Wednesday, February 9, 2011

Regulating NGOs: Why the schizophrenic year for NGOs in 2010? (Part II)

In my last post, I argued that to understand the schizophrenic year for Chinese NGOs, one has to understand the nature of the system regulating civil society.  I brought up Kang Xiaoguang and Han Heng’s analysis of the system which gave us a sophisticated and nuanced model, but I felt it didn’t provide a satisfactory understanding, at least with respect to Chinese NGOs.  It was too neat and simple.  I think for a more realistic explanation, we need to bring in others who point out that the system is not so neat, or unified, or rational. 

One place to start getting a more accurate picture is Professor Deng Guosheng’s article, “The Hidden Rules Governing China’s Unregistered NGOs” published in the Spring 2010 issue of The China Review.  Professor Deng, of Tsinghua University’s NGO Research Center, shows that you cannot just look at the official regulations governing NGOs, but also at the “hidden” or “implicit” rules.  He notes that the official regulations for social organizations (NGOs included) only apply to legally registered NGOs.  But many NGOs are not legally registered as NGOs, but as businesses or a “project” under another organization.  How are these NGOs regulated?  Kang and Han argue that they are not.  The government leaves them alone.  But Professor Deng argues that there has been an implicit understanding or ruling made between central and local authorities concerning unregistered NGOs.  He calls this understanding the “Three Nos” policy: “no recognition, no banning, no intervention”.  In other words, while authorities do not recognize these NGOs as legal, they will not take actions to ban them or intervene in their affairs as long as the NGOs do not harm state security or social stability.

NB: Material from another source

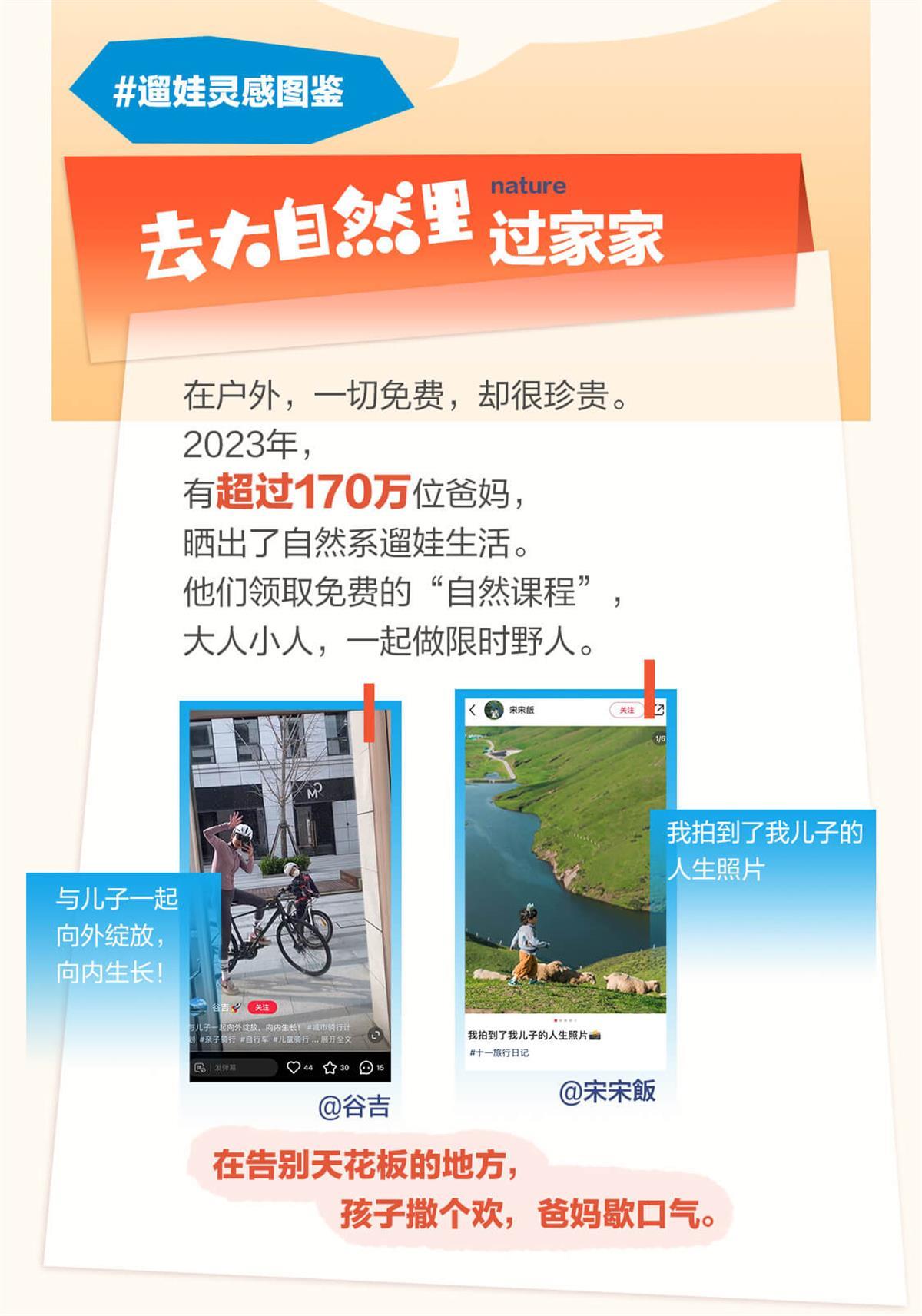 他们注重有效陪伴,崇尚“自然系遛娃”,要在没有天花板的地方,让孩子尽情撒欢。2023年,小红书上“户外遛娃”相关话题阅读量近2亿,笔记发布量超过170万。

What Professor Deng is saying here about the system is that it gives wide latitude to authorities, especially at the local level, to deal with unregistered or unofficial NGOs.  This explanation helps to account for the seemingly schizophrenic gap between policy and implementation/enforcement I mentioned earlier.  The policy towards registered NGOs such as foundations is improving, but the authorities attitudes and actions toward unregistered NGOs varies widely because of the “three Nos” policy which gives them a great deal of discretion in dealing with NGOs.  Some authorities see unregistered NGOs as serving a positive role, helping government fill gaps in social services, but others may see them as a threat especially if they touch on sensitive areas such as organizing migrant workers (e.g. in Shenzhen), farmers displaced by dam-building (e.g. in Yunnan) or AIDS victims of government-sponsored blood banks (e.g. in Henan). 

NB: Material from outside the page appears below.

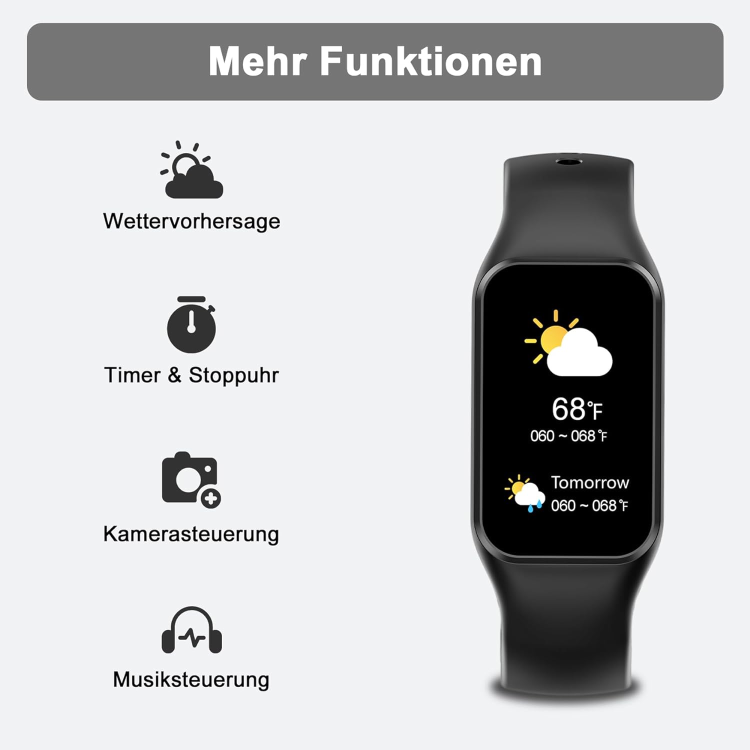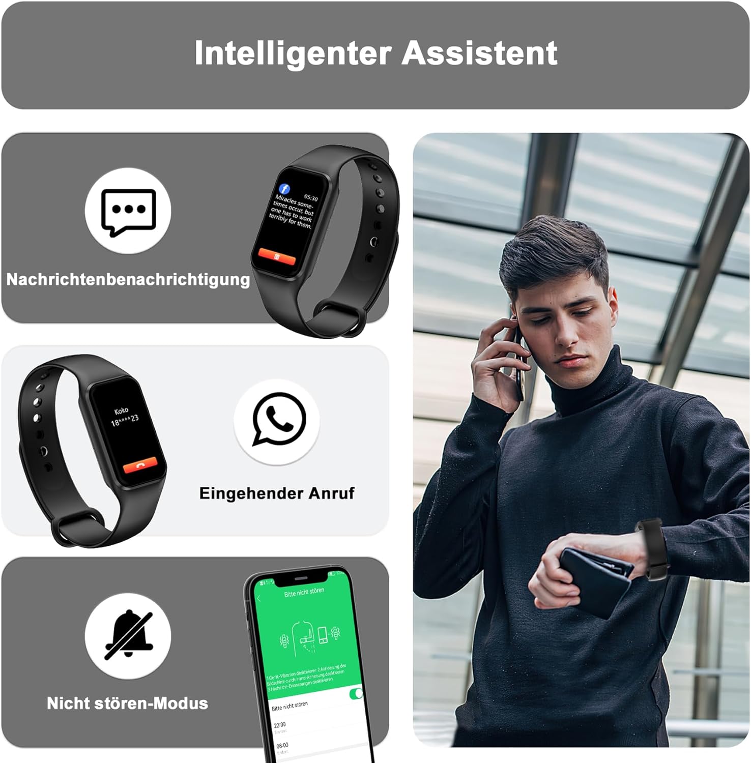 - 【Erleben Sie ein komfortables intelligentes Leben】Laden Sie die "GloryFit" App herunter, um weitere nützliche Funktionen für Ihre Smartwatch freizuschalten: Nachrichtenerinnerung (SMS, WhatsApp, Instagram, Facebook usw.), Anruferinnerung,

This view is consistent with a model of the Chinese political system that scholars call “fragmented authoritarianism”.  In this model, the Chinese government is not a unified entity, but instead composed of diverse leaders and agencies, each with their own interests and views.  Armed with the discretionary power given them under the “three Nos” policy, these leaders and agencies take different attitudes and actions toward unregistered NGOs.  In some cases, where NGOs serve their interests, they may carry out experiments to make it easier for these NGOs to register.  In others, where particular NGOs threaten their interests, they harass them and even close them down.

Jessica Teets, a professor at Middlebury College, who has written extensively on Chinese NGOs and interviewed a number of Chinese officials on NGO policy, makes a similar point in a chapter written for China Beyond the Headlines, “Civil Society Development in China.”   She argues that China’s tradition of local experimentation and the cadre evaluation system provide incentives for local officials to partner with NGOs when it leads to improved or innovative ways of providing services.  But because local officials are also evaluated on maintaining social stability, they also have to balance the benefits that NGOs bring with the potential costs.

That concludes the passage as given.